This sound synthesizer also comprises: a rewriting sample circuit 19 is used for the sample frequency of the arrowband sound of 2 framing of framer circuit rewritten from 8kHz and samples 16kHz; A frequency band suppression filter (BSF) 18 is used for removing 300 to 3 in the input arrowband voice signal, the signal component of 400Hz from the synthetic output of LPC compositor 17; A totalizer 20 is used for the output of BSF18 with sample circuit is 19 that provided from rewriting, its sample frequency is 16kHz, frequency band from 300 to 3, the original arrowband voice signal addition of 400Hz.This sound synthesizer produces frequency band from 300 to 7 at its output terminal 21, and 000Hz and sample frequency are the digital audio signals of 16kHz.
How to create that sound code table 12 is expressed in the broadband and sound code table 14 is not expressed in the broadband, and the arrowband is expressed sound code table 8 and arrowband and is not expressed sound code table 10 and will be described below:
Utilization is from having 300 to 7, broadband in the broadband acoustical signal of 000Hz frequency band (for example, as framer circuit 2 framing every 20msec institute framing) is expressed and is not expressed the expression of extracting in the sound (V and UV) and do not express that audio parameter is created broadband expression sound code table 12 respectively and sound code table 14 is not expressed in the broadband.
Utilize frequency band 300 to 3, in the 400Hz scope, for example expression of being extracted in the arrowband voice signal that obtains by the frequency band that limits above-mentioned wideband voice and do not express audio parameter and create that sound code table 8 is expressed in the arrowband and sound code table 10 is not expressed in the arrowband.
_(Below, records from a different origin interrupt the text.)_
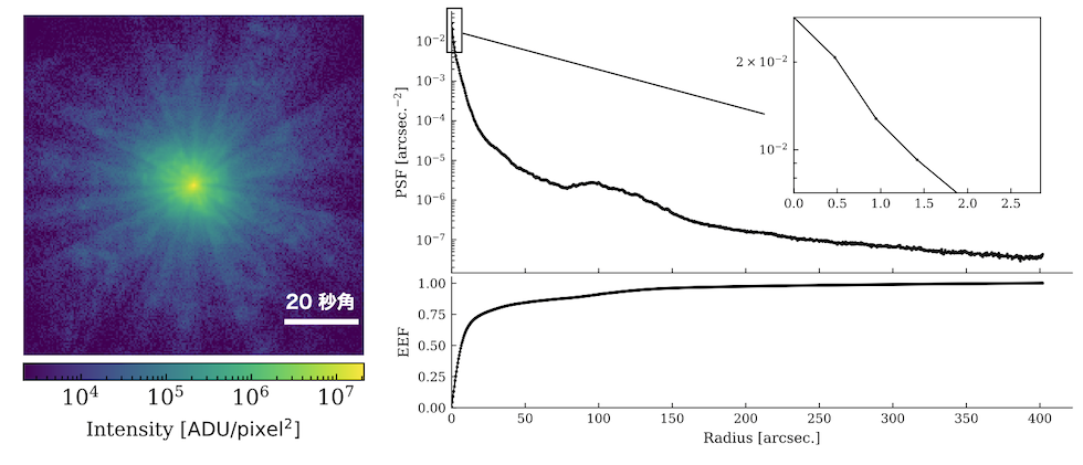 図4:X線望遠鏡によって得られた結像イメージ(左)と、その点像分布関数PSF(右上)および累積動径カウント関数EEF(右下)。本研究では、FWHM 0.7秒角、HPD 14秒角の高い解像度を達成した。
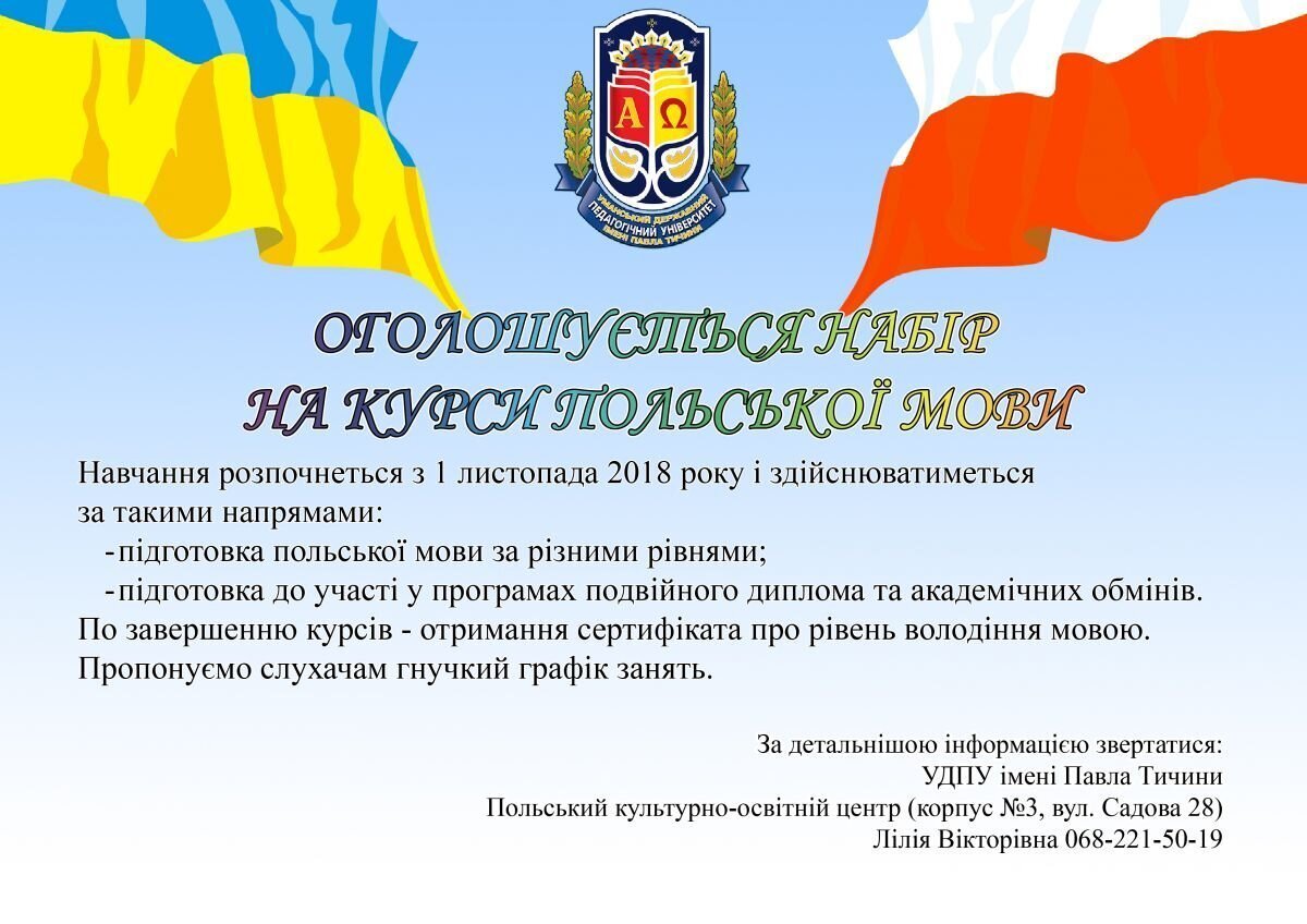 ОГОЛОШУЄТЬСЯ НАБІР НА КУРСИ ПОЛЬСЬКОЇ МОВИ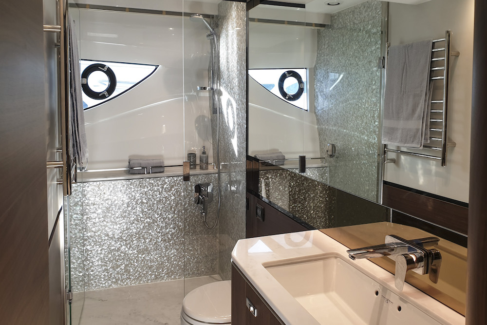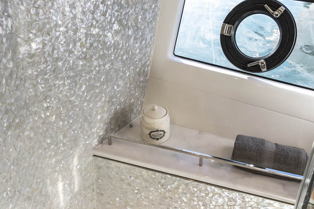 Siminetti supplied a large number of stunning ‘Crackle‘ decorative panels to Aquamare Marine Ltd (UK) for installation within all three bathrooms of a Princess Yacht. Specially requested by the client, the installation of ‘Crackle’ on a yacht is a first and the results speak for themselves…

Referring now to Fig. 7, demonstration be to produce the process flow diagram that data memory is created above-mentioned four code table institute implementation and operations.As shown in the figure, produce broadband memory voice signal, and in step S1 every 20msec with its framing.The frequency band that limits this broadband memory voice signal in step S2 provides the arrowband voice signal.In step S3, also will be as framing among the step S1 with the same time limit to this arrowband voice signal framing.In step S4, in every width of cloth frame of arrowband voice signal, check then frame can value, zero cross (talk) waits and judges that this arrowband voice signal is (V) or (UV) sound of not expressing of expression.
For the high-quality code table, when sound by V in the UV transforming process, will only adopt those sound of confirming as V and confirming as UV, vice versa, and those can not be confirmed easily that the sound of V and UV forecloses.Therefore, obtain arrowband memory V frame row and arrowband memory UV frame row.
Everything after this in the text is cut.